The 2012 April Fools Hack was an event that took place on April 1st, 2012, that involved the compromising of the Roblox website which enabled attackers to recklessly experiment with and abuse the website’s features. It soon concluded in the website being taken offline to patch the vulnerability. While there was no actual hacking of the website, the event was widely referred to as such during and after it took place.
In 2016, Roblox reported a user had gotten access to passwords of accounts from 2012 and 2013. Roblox prompted the users who had gotten their passwords leaked in plain text to change their password.
Timeline of Events
On April 1st, 2012, an unknown user caused what would become the website's most notable "hacking". It involved the currency system and item catalogue, the use of the warning banner, and unauthorized user promotions. It is unknown how the perpetrator was able to access Roblox's administrative system. In a 2017 Reddit comment, Gordonrox24, a former moderator, noted that "It was nothing... You won't see it happen again".
The suspected precursor to the event was a forum discussion that deteriorated into an argument between Minish and Merely involving money and the economy of Roblox. It is alleged that Minish's account was taken over by the unknown user. Minish bought Merely's famous Domino Crown, which was Merely's personal favorite catalog item. The forums soon exploded with threads discussing the events. As a result, the two users were each given bans. This would also lead to Merely briefly quitting Roblox.
New Catalog Items
The perpetrator released multiple new Roblox assets during this time. He first released a new face into the catalog with the title "c:" on the official Roblox account for 1 Robuck. The only account to purchase it was Stickmasterluke, whose account was assumed compromised. The face's image asset can be retrieved from the Roblox website. Another "c:" face was made, which can also be retrieved on the website. A third face called "hai guize derp" was also released and can be accessed on the Roblox website.

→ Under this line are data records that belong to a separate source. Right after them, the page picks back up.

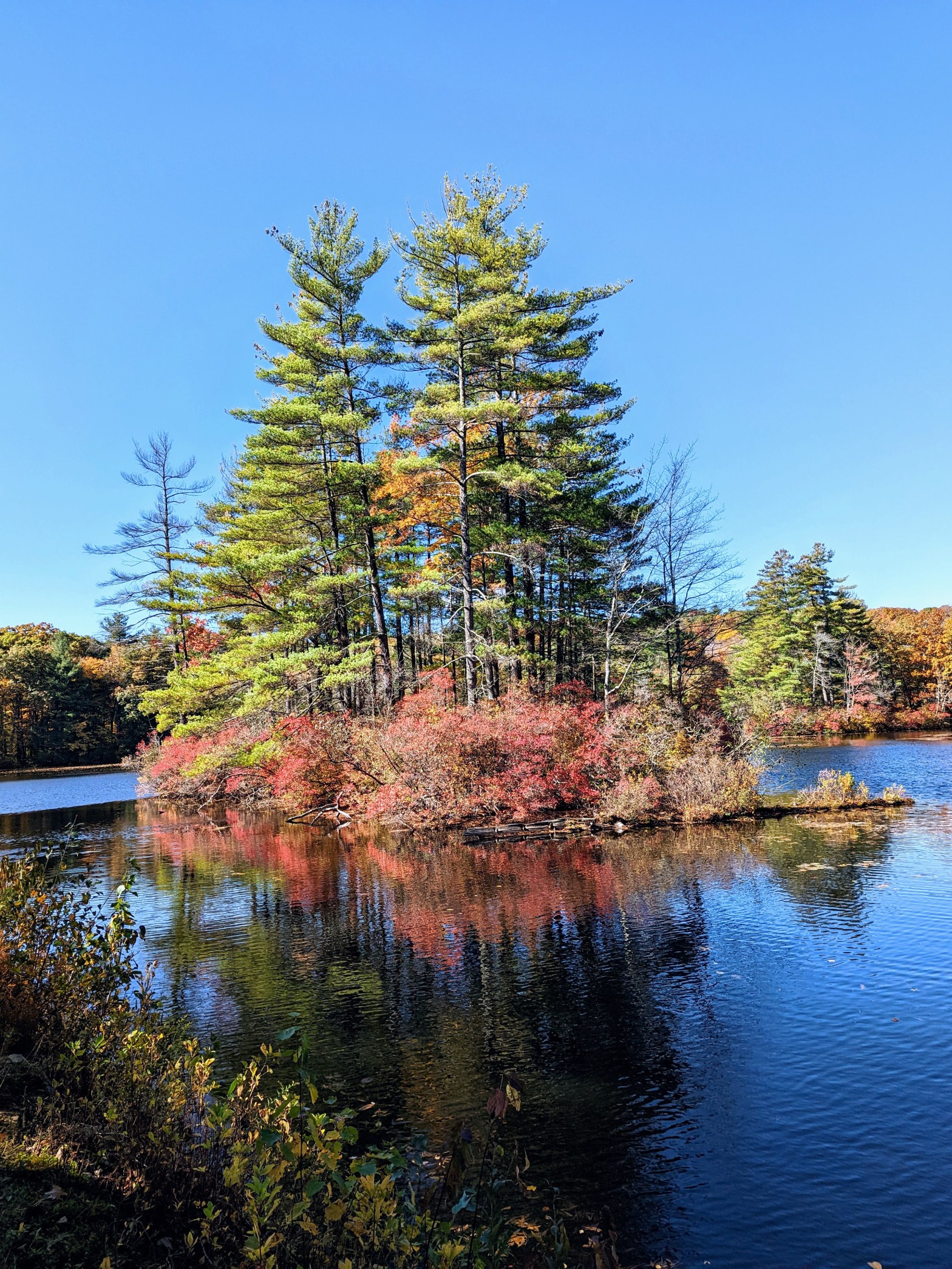 The trail hugs the edge of Cook’s Pond. This pond was created in 1830 by Samuel Flagg. We traversed Flagg’s dam. To the right of the dam, there is a steep drop with a craggy waterfall. To the left, there are stunning views of the placid pond. On this day, the image of bright foliage was heightened by their copper, gold, and crimson reflections.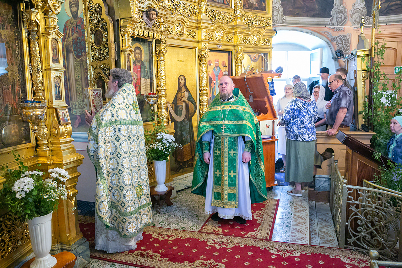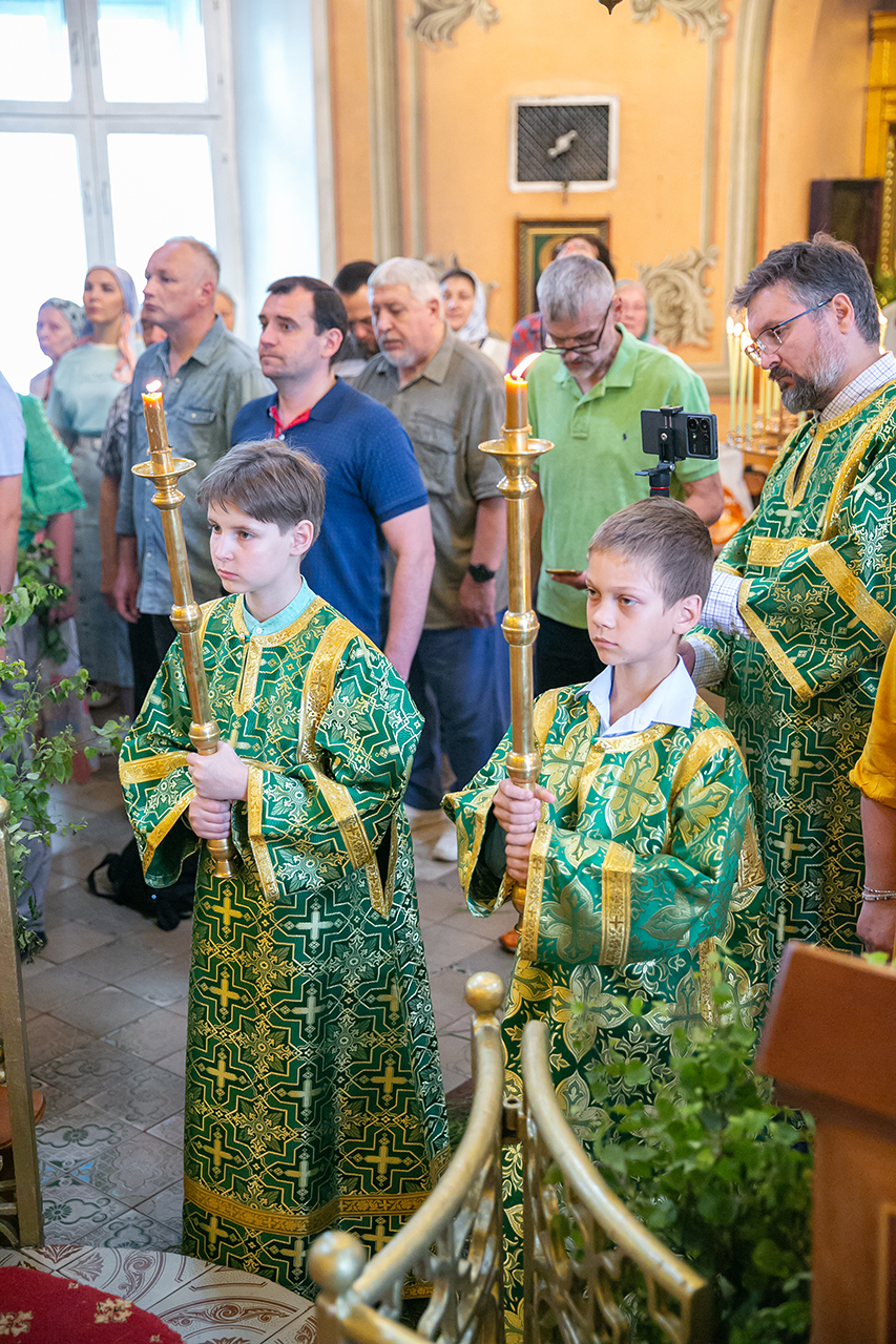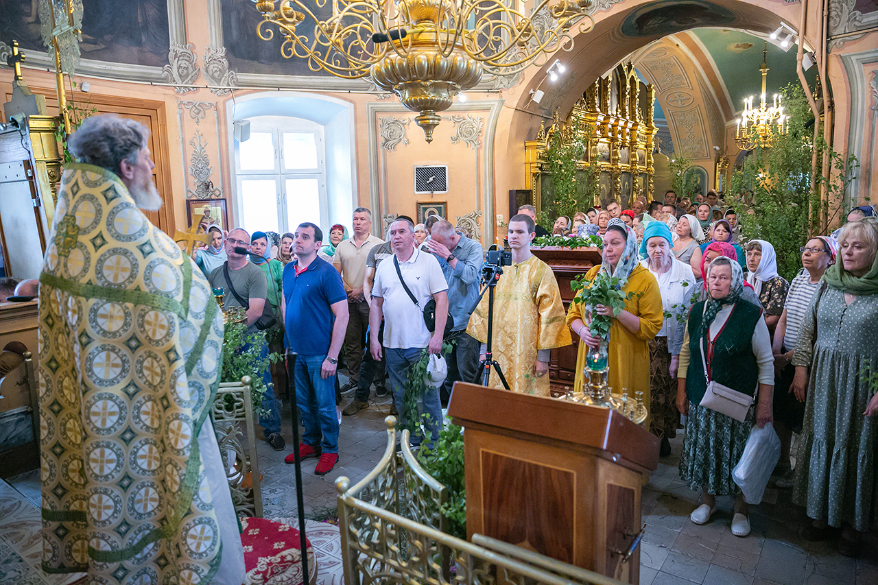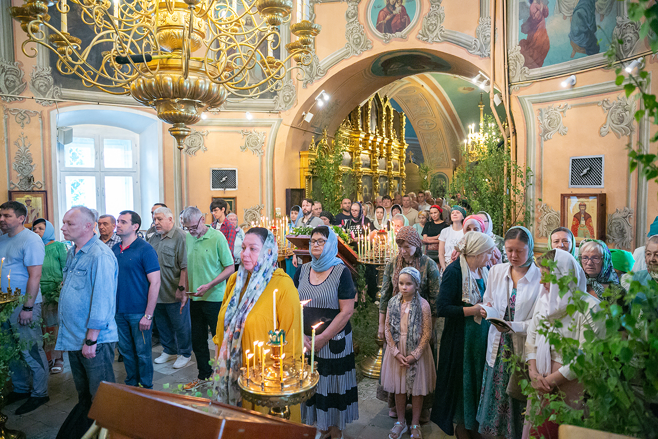 Божественную литургию и великую вечерню с чтением коленопреклонных молитв в этот день совершил настоятель храма протоиерей Алексий Никонов в сослужении клириков храма. А накануне, 7 июня, в храме было совершено Всенощное бдение.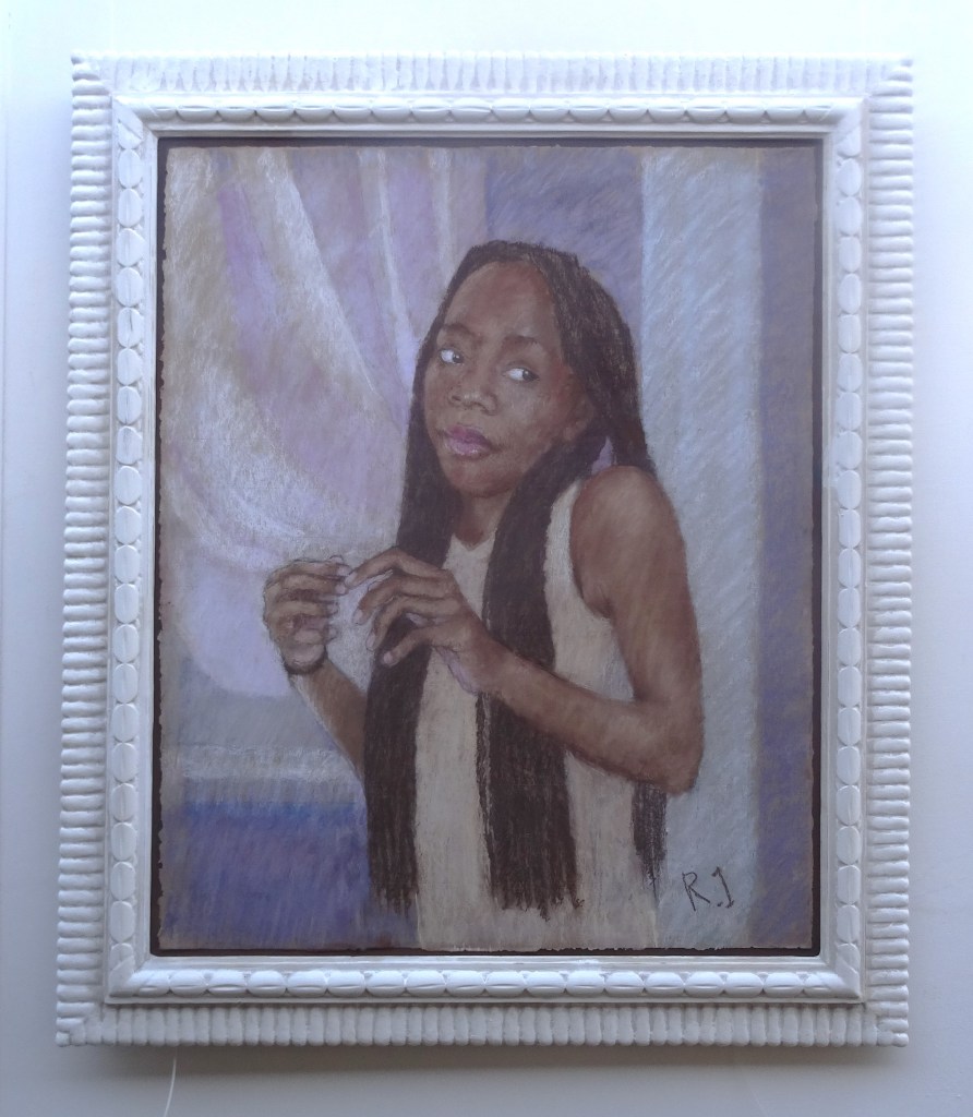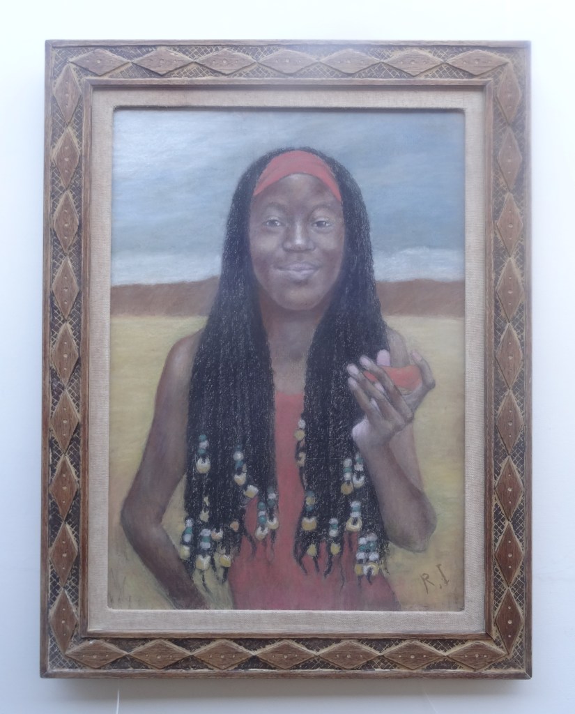 The model is Jersey. She is depicted in an African landscape. The beaded hair, so typically African, begged to be painted. She is holding a piece of fruit in her left hand. Jersey’s soft smile shows the confidence a young girl has when she is sure of the man looking at her. It is a wonderful thing to see in a young girl and depict in a painting.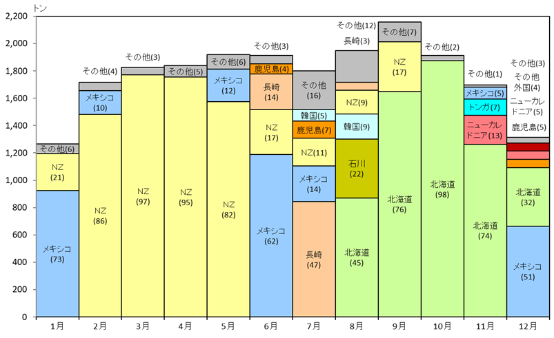 令和元年 かぼちゃの月別入荷実績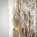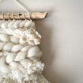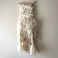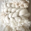 みるく色のふわふわクロスブレッドをたっぷり使用し、コットン、リネン、モヘア、ファンシーヤーン等たくさんの素材糸を組み合わせて織りあげた、印象的なタペストリーです。
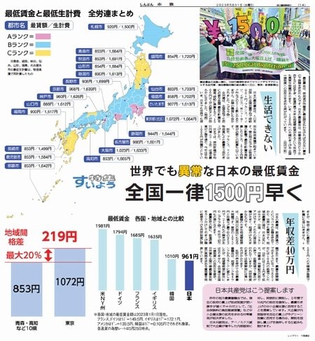 世界でも異常な特質があります。いま、1500円への大幅引き上げや全国一律制度への法改正を求める

Banners were added to the top of the site and frequently changed colours and displayed objectionable content. Examples include "thank you minish for messing up the economy. nub." and "always share your passwords with strangers, kids!", "Haha these are so funny let's go spam the forums about them :D", "Remember kids tell your parents to vote Ron Paul", "Yo gonna give a shout out to the homies in dah hood", "Do A Barrel roll", and "I'm the annoying orange banner. AHAHAHAHAHAHAHAHAHAHAHAHAHAHAHAHAHAHAHAH".
Multiple users were granted large amounts of Robux throughout the event. Although most of these accounts were apparently rolled back, it is speculated that some users managed to evade losing the entirety of their newfound wealth. An example of one of these users is Misteroe, who managed to evade a ban and successfully trade away and launder an estimated 100,000 to 350,000 ROBUX. There is also some speculation that Misteroe was directly involved with the event.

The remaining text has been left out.